11月中旬、紅葉を背景に史料館前で秋のお茶会が催される清荒神清澄寺。境内にある鉄斎美術館では「鉄斎−書簡が語る名作秘話−」の後期展示を観ることができます。 鉄斎の支援者を始め、家族や親交のあった人々にしたためた多くの書簡が今も遺されており、展覧会では作品と書簡や添状がセットで展示され、画に対する興味がそそられます。大阪商業大学で教鞭をとる学芸員の明尾圭造さんと名作を鑑賞、その稀有な才能から生まれる表現者としての鉄斎に改めて思いを馳せました。
私は大阪画壇を研究していますが、鉄斎の作品を観るようになったのは十年ほど前からです。元々古文書の研究をしていましたので賛を通して鉄斎の画にも関心を持つに至りました。
鉄斎は自らを画家ではなく学者と言っているように多くの知識や深い思想を持っていたわけですが、その思いを最も的確に表現できる手段が画だったのでしょう。
ですから、画には示唆に富んだ深い意味が込められていて、そこには学ぶべきことが多く、我々が自分の可能性を広げていくことにつながるような気がします。
鉄斎は独自の世界を持つ優れた思想家とも言え、未だ研究の余地を残していると思います。
展覧会では「富士山図」屏風が威容を放っていました。右隻には富士山全容が描かれ、左隻には全景から高速で頂上に迫ったような火口の図が描かれている。動的であるとともに細部に破綻の無い不思議な富士山図です。
京都の唐紙商・桜堂の柴田松園宛に「天長節に筆を携えて貴宅に伺いたい」との意向と「一日二日で揮毫の積り」という内容の葉書も併せて展示されていましたが、短期間でこれだけの大作を描いた集中力とともにこの屏風が部屋に飾られたことは驚きです。鉄斎の画は観る側の気力も充実していなければ受け止められない迫力がありますから。
鉄斎は40歳で富士に登り、23年後にこの画を描いたのですが、長い時間をかけて自分の中で咀嚼され、鉄斎の富士となって表現されているので日本画、洋画といったジャンルを超えているように思われますね。
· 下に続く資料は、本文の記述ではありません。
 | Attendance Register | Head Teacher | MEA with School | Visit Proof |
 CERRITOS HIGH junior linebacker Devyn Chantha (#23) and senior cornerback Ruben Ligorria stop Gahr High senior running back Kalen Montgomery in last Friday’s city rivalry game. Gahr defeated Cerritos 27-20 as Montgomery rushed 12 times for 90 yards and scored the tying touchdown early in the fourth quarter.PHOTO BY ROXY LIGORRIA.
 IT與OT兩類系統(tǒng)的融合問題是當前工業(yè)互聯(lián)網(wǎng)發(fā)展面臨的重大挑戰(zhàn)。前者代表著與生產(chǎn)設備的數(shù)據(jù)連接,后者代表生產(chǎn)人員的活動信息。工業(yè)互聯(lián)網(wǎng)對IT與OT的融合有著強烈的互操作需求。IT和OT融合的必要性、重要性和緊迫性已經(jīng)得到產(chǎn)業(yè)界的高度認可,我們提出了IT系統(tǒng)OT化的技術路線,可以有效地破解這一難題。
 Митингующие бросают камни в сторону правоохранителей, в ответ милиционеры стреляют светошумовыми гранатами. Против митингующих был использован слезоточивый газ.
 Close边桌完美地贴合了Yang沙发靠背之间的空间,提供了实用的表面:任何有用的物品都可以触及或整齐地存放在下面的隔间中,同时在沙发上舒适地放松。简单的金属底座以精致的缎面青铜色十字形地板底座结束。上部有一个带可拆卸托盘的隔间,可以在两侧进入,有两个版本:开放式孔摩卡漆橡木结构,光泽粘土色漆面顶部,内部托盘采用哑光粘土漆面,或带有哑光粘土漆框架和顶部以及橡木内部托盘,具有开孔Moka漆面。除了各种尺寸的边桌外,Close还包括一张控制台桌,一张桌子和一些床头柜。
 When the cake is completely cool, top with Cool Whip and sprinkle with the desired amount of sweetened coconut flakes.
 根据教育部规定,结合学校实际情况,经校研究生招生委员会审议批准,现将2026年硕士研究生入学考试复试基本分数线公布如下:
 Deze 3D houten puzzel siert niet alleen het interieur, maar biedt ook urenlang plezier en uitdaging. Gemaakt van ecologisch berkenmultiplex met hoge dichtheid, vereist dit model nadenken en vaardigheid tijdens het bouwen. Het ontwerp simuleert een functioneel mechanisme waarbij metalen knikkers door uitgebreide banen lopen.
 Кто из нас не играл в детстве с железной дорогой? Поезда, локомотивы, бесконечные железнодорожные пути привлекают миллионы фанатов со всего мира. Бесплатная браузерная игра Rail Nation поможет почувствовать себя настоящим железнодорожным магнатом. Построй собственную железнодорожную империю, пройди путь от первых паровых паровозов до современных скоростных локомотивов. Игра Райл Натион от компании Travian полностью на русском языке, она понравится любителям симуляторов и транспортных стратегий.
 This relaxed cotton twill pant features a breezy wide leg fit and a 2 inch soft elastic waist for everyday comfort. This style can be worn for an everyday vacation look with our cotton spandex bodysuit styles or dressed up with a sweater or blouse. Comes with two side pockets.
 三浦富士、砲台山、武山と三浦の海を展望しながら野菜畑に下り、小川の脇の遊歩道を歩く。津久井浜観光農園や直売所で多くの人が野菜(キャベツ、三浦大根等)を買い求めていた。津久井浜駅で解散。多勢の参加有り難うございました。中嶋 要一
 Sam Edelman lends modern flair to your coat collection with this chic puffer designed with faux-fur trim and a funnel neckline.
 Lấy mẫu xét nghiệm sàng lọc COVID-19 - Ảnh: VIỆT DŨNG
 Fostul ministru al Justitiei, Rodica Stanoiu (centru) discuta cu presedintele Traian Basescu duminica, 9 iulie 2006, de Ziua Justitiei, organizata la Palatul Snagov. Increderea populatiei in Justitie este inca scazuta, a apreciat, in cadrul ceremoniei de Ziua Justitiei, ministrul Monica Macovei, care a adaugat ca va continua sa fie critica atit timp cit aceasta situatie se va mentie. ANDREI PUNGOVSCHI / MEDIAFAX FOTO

「富士山図」左隻には鉄斎が尊敬する文人池大雅、高芙蓉 韓大年の三人と鉄斎自身と思われる人物が火口付近に描かれていて、その三人が富士登山をする「三老登嶽図」も展示されています。依頼者からの再三の催促に対し「普通の依頼と比すれば、決して遅くない」と返している書簡には鉄斎の人間味を感じました。
まだご覧になっていない方には、是非ともこの「富士山図」の迫力を体感して頂きたいと思います。
明尾圭造・1961年東大阪市生まれ。関西大学大学院博士前期課程修了。芦屋市立美術博物館学芸員を経て現職。日本近代文化史・大阪画壇を研究。共著書『モダニズム出版社の光芒』(淡交社)、『古地図で見る阪神間の地名』(神戸新聞総合出版センター)など。